**Exercise details:** Since the pictures are not wanted, reproduce only the rest of the records, exactly as given.

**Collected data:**
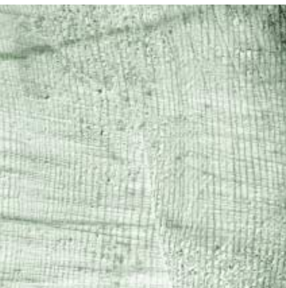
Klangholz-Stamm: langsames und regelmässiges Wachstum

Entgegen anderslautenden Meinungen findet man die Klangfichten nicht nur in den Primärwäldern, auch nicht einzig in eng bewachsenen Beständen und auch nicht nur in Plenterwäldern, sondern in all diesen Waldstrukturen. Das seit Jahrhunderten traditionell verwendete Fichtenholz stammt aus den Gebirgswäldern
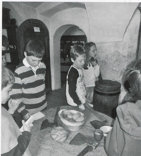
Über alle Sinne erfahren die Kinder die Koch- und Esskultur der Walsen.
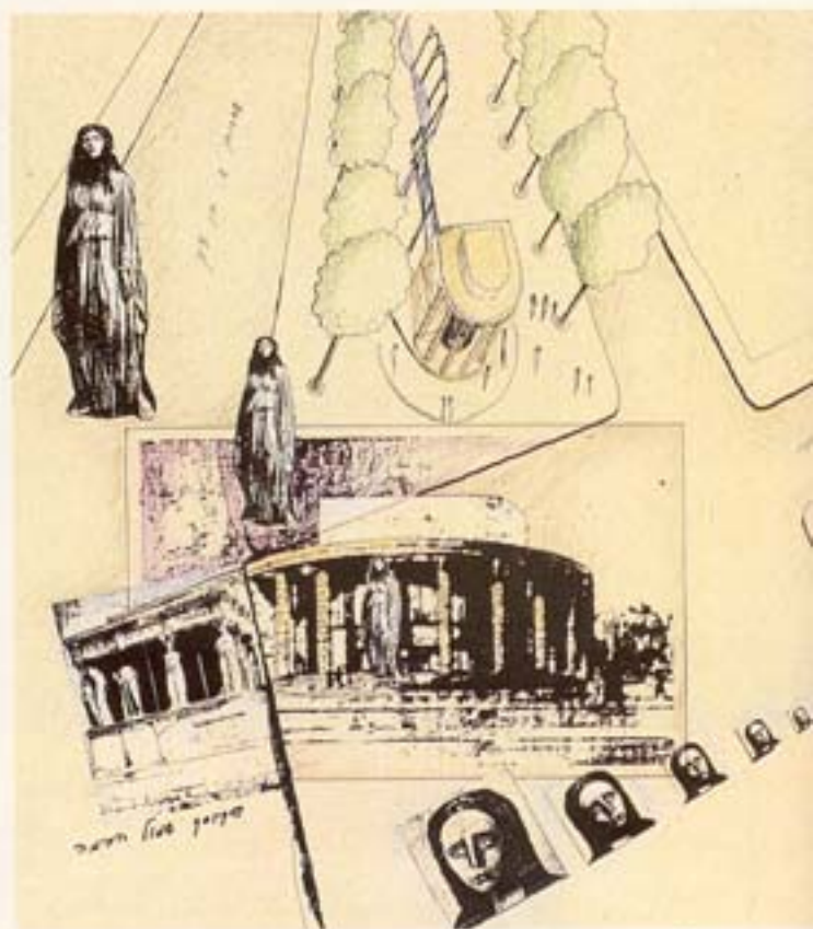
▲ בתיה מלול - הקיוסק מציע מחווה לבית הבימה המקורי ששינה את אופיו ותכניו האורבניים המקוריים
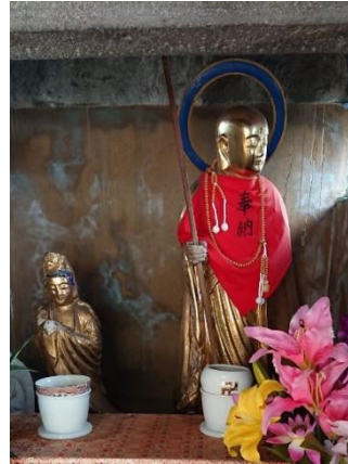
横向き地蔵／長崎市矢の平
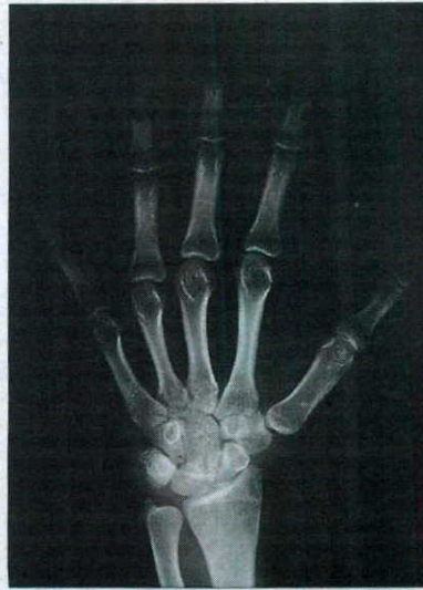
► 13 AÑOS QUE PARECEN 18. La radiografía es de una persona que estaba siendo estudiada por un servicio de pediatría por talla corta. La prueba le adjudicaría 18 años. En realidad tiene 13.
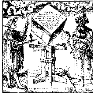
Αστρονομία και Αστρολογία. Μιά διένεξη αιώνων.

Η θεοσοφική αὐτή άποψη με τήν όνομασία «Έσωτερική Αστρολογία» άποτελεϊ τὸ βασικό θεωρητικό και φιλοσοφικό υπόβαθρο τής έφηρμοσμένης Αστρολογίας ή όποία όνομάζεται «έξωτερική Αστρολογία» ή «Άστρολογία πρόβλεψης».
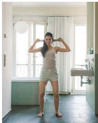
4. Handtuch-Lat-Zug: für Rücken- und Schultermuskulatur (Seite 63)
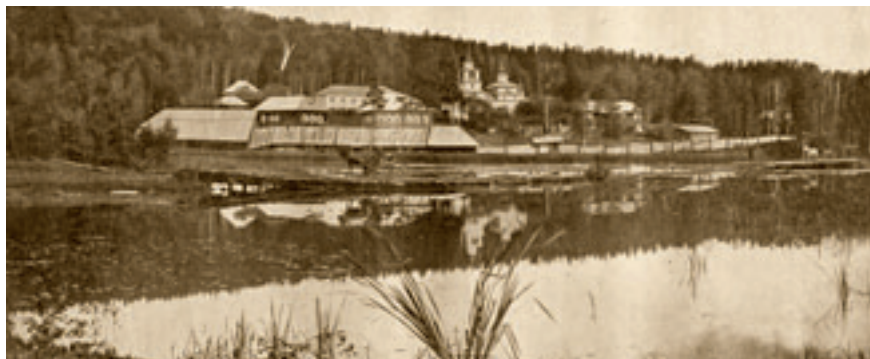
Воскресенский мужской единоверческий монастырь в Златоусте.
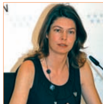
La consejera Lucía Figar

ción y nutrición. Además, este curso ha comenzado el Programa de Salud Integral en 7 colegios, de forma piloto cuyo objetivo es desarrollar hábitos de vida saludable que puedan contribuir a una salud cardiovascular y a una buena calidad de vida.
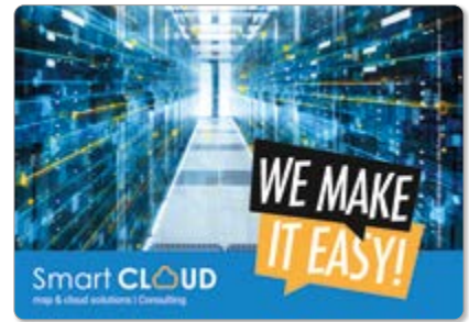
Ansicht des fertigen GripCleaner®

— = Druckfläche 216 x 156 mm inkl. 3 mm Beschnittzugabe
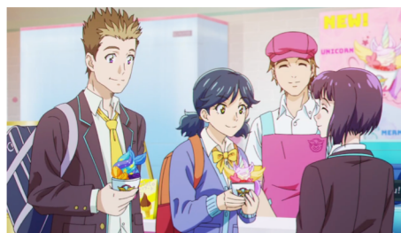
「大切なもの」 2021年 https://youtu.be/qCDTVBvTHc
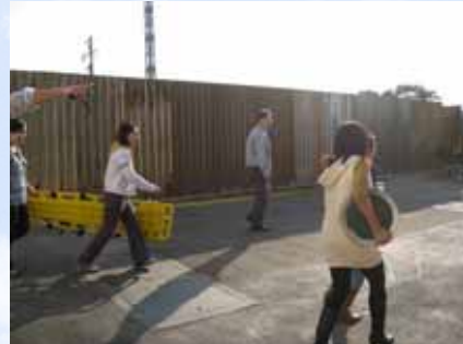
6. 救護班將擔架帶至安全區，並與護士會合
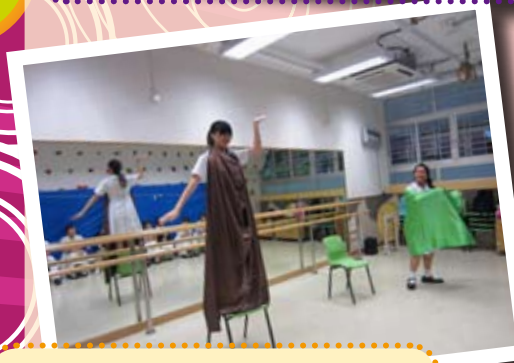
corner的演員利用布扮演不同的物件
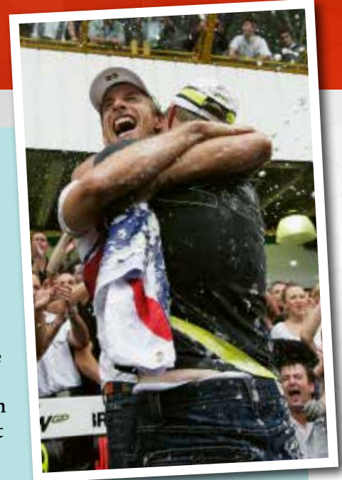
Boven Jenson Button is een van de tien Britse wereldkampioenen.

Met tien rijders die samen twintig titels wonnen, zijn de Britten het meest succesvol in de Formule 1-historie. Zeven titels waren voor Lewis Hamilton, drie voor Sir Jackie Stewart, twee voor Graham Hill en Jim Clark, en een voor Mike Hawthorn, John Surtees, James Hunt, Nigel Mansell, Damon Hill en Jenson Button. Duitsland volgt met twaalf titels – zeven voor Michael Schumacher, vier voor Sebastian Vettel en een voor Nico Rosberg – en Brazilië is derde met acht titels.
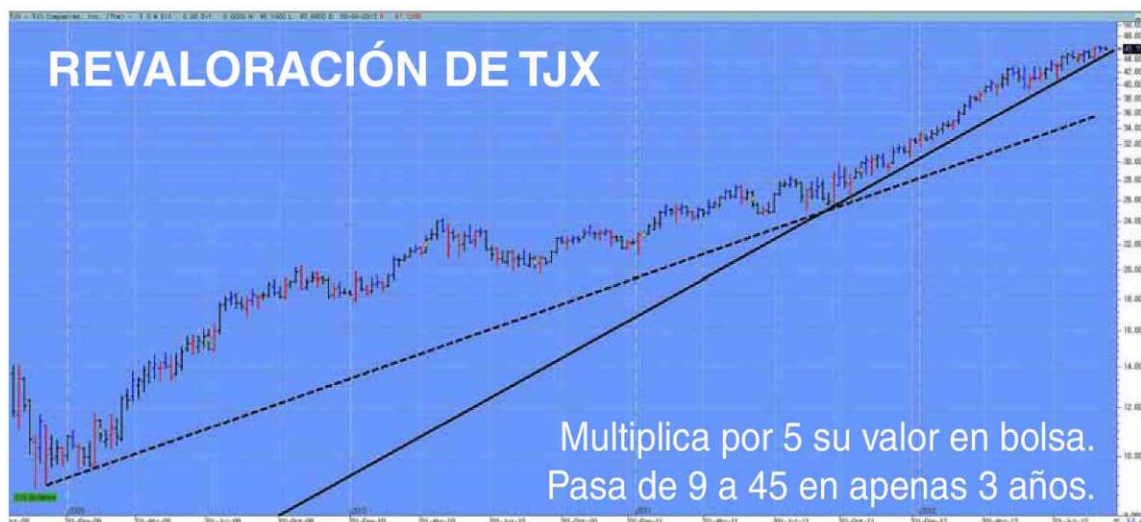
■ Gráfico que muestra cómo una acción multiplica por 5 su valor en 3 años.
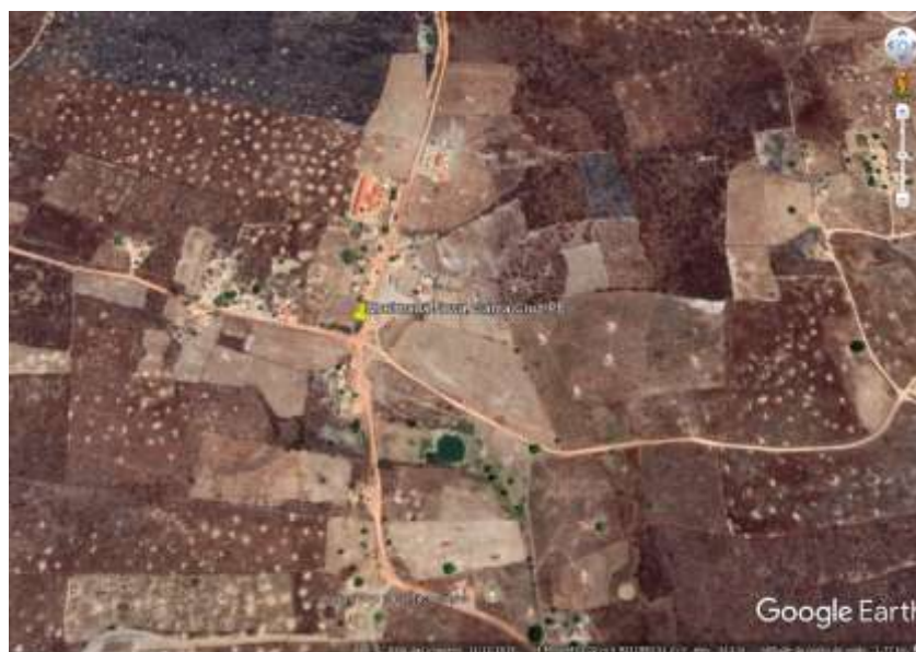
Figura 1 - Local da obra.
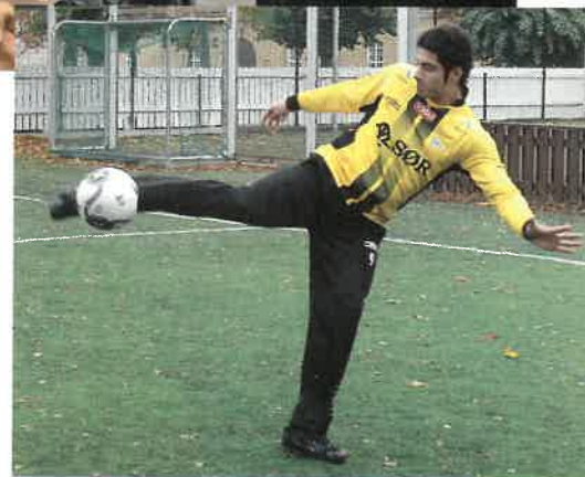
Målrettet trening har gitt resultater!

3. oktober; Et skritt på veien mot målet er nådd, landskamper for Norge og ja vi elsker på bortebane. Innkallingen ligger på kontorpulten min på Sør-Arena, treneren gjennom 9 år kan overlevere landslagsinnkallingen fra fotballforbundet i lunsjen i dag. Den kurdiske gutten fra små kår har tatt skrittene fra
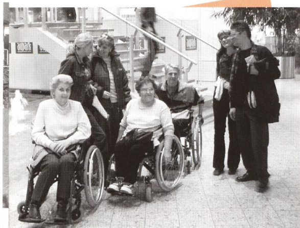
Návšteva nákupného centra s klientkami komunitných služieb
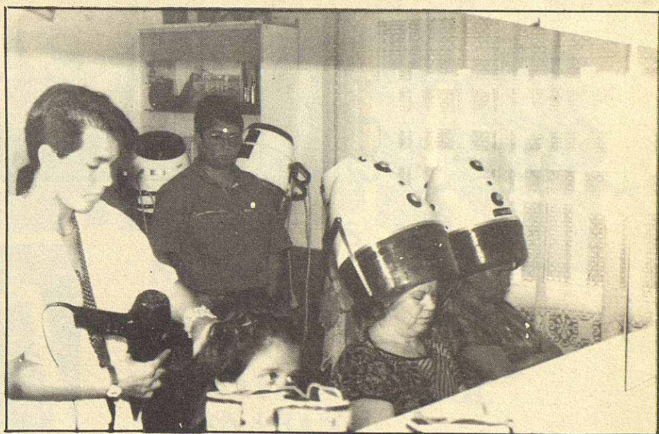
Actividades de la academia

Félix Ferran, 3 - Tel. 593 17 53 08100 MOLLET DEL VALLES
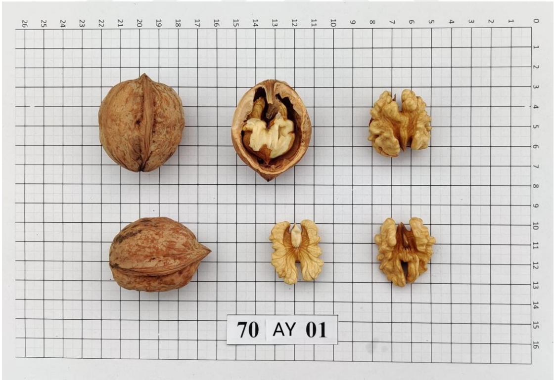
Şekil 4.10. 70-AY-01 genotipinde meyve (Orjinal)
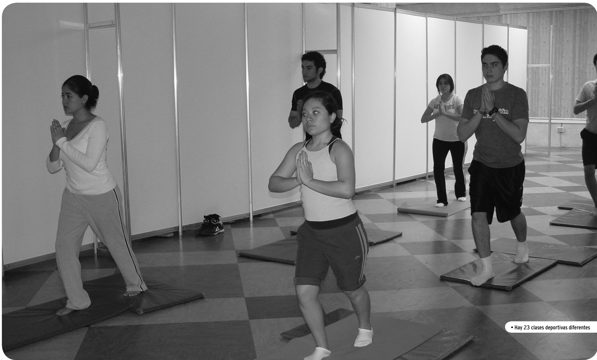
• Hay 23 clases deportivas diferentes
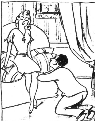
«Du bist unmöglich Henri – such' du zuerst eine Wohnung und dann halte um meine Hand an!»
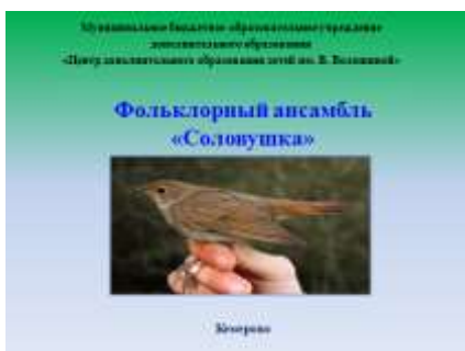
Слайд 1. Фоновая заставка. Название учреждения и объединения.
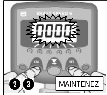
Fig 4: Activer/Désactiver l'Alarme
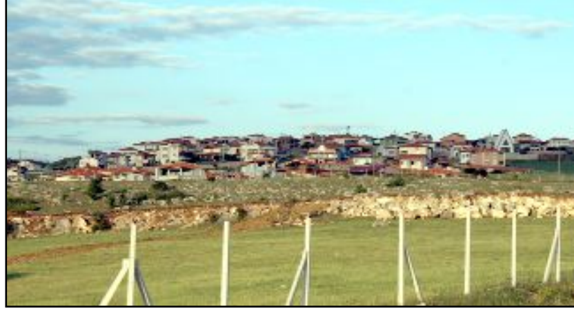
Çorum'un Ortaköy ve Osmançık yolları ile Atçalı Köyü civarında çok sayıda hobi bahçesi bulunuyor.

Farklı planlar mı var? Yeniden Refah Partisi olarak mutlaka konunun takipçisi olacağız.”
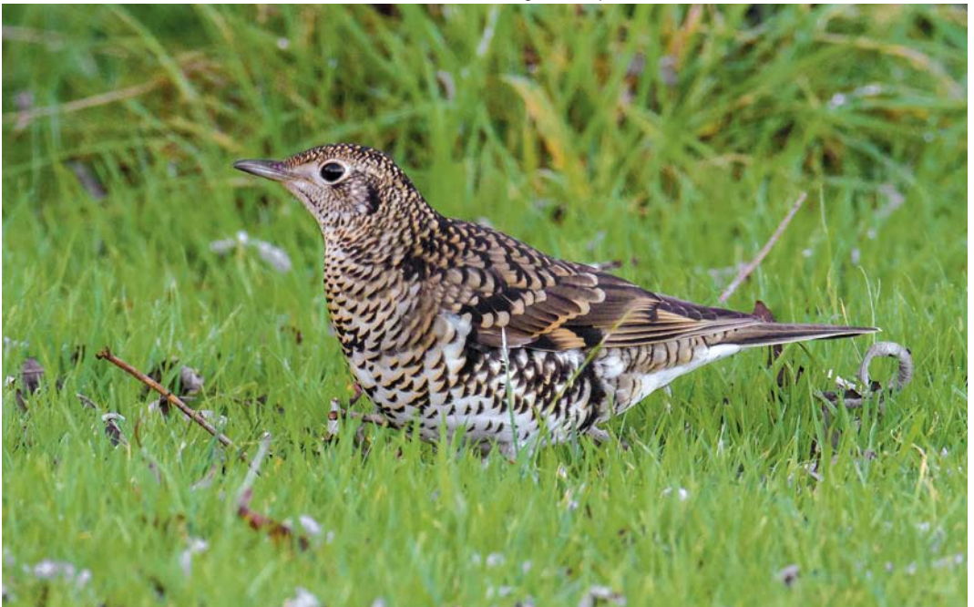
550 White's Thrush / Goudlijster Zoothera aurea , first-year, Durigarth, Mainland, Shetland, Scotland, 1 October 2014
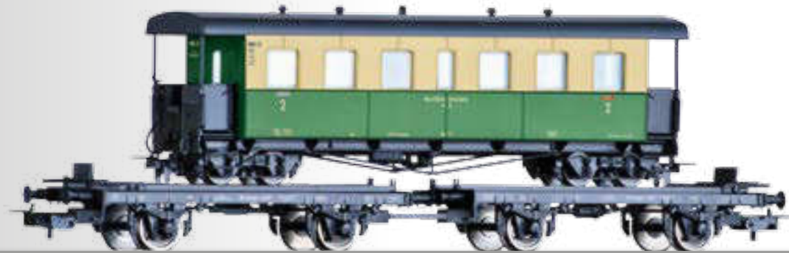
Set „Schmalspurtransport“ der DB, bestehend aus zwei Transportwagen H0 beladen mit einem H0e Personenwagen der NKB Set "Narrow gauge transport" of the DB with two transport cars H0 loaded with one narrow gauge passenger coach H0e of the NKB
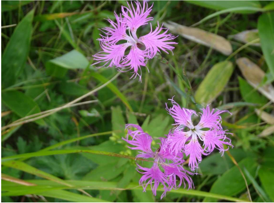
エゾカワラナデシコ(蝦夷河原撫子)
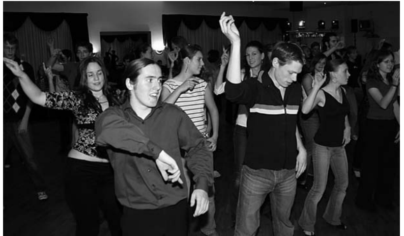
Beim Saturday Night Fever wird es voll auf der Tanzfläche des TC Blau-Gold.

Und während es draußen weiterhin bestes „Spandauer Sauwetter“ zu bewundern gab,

**Response to this exercise:**
Klangholz-Stamm: langsames und regelmässiges Wachstum

Entgegen anderslautenden Meinungen findet man die Klangfichten nicht nur in den Primärwäldern, auch nicht einzig in eng bewachsenen Beständen und auch nicht nur in Plenterwäldern, sondern in all diesen Waldstrukturen. Das seit Jahrhunderten traditionell verwendete Fichtenholz stammt aus den Gebirgswäldern
Über alle Sinne erfahren die Kinder die Koch- und Esskultur der Walsen.
▲ בתיה מלול - הקיוסק מציע מחווה לבית הבימה המקורי ששינה את אופיו ותכניו האורבניים המקוריים
横向き地蔵／長崎市矢の平
► 13 AÑOS QUE PARECEN 18. La radiografía es de una persona que estaba siendo estudiada por un servicio de pediatría por talla corta. La prueba le adjudicaría 18 años. En realidad tiene 13.
Αστρονομία και Αστρολογία. Μιά διένεξη αιώνων.

Η θεοσοφική αὐτή άποψη με τήν όνομασία «Έσωτερική Αστρολογία» άποτελεϊ τὸ βασικό θεωρητικό και φιλοσοφικό υπόβαθρο τής έφηρμοσμένης Αστρολογίας ή όποία όνομάζεται «έξωτερική Αστρολογία» ή «Άστρολογία πρόβλεψης».
4. Handtuch-Lat-Zug: für Rücken- und Schultermuskulatur (Seite 63)
Воскресенский мужской единоверческий монастырь в Златоусте.
La consejera Lucía Figar

ción y nutrición. Además, este curso ha comenzado el Programa de Salud Integral en 7 colegios, de forma piloto cuyo objetivo es desarrollar hábitos de vida saludable que puedan contribuir a una salud cardiovascular y a una buena calidad de vida.
Ansicht des fertigen GripCleaner®

— = Druckfläche 216 x 156 mm inkl. 3 mm Beschnittzugabe
「大切なもの」 2021年 https://youtu.be/qCDTVBvTHc
6. 救護班將擔架帶至安全區，並與護士會合
corner的演員利用布扮演不同的物件
Boven Jenson Button is een van de tien Britse wereldkampioenen.

Met tien rijders die samen twintig titels wonnen, zijn de Britten het meest succesvol in de Formule 1-historie. Zeven titels waren voor Lewis Hamilton, drie voor Sir Jackie Stewart, twee voor Graham Hill en Jim Clark, en een voor Mike Hawthorn, John Surtees, James Hunt, Nigel Mansell, Damon Hill en Jenson Button. Duitsland volgt met twaalf titels – zeven voor Michael Schumacher, vier voor Sebastian Vettel en een voor Nico Rosberg – en Brazilië is derde met acht titels.
■ Gráfico que muestra cómo una acción multiplica por 5 su valor en 3 años.
Figura 1 - Local da obra.
Målrettet trening har gitt resultater!

3. oktober; Et skritt på veien mot målet er nådd, landskamper for Norge og ja vi elsker på bortebane. Innkallingen ligger på kontorpulten min på Sør-Arena, treneren gjennom 9 år kan overlevere landslagsinnkallingen fra fotballforbundet i lunsjen i dag. Den kurdiske gutten fra små kår har tatt skrittene fra
Návšteva nákupného centra s klientkami komunitných služieb
Actividades de la academia

Félix Ferran, 3 - Tel. 593 17 53 08100 MOLLET DEL VALLES
Şekil 4.10. 70-AY-01 genotipinde meyve (Orjinal)
• Hay 23 clases deportivas diferentes
«Du bist unmöglich Henri – such' du zuerst eine Wohnung und dann halte um meine Hand an!»
Слайд 1. Фоновая заставка. Название учреждения и объединения.
Fig 4: Activer/Désactiver l'Alarme
Çorum'un Ortaköy ve Osmançık yolları ile Atçalı Köyü civarında çok sayıda hobi bahçesi bulunuyor.

Farklı planlar mı var? Yeniden Refah Partisi olarak mutlaka konunun takipçisi olacağız.”
550 White's Thrush / Goudlijster Zoothera aurea , first-year, Durigarth, Mainland, Shetland, Scotland, 1 October 2014
Set „Schmalspurtransport“ der DB, bestehend aus zwei Transportwagen H0 beladen mit einem H0e Personenwagen der NKB Set "Narrow gauge transport" of the DB with two transport cars H0 loaded with one narrow gauge passenger coach H0e of the NKB
エゾカワラナデシコ(蝦夷河原撫子)
Beim Saturday Night Fever wird es voll auf der Tanzfläche des TC Blau-Gold.

Und während es draußen weiterhin bestes „Spandauer Sauwetter“ zu bewundern gab,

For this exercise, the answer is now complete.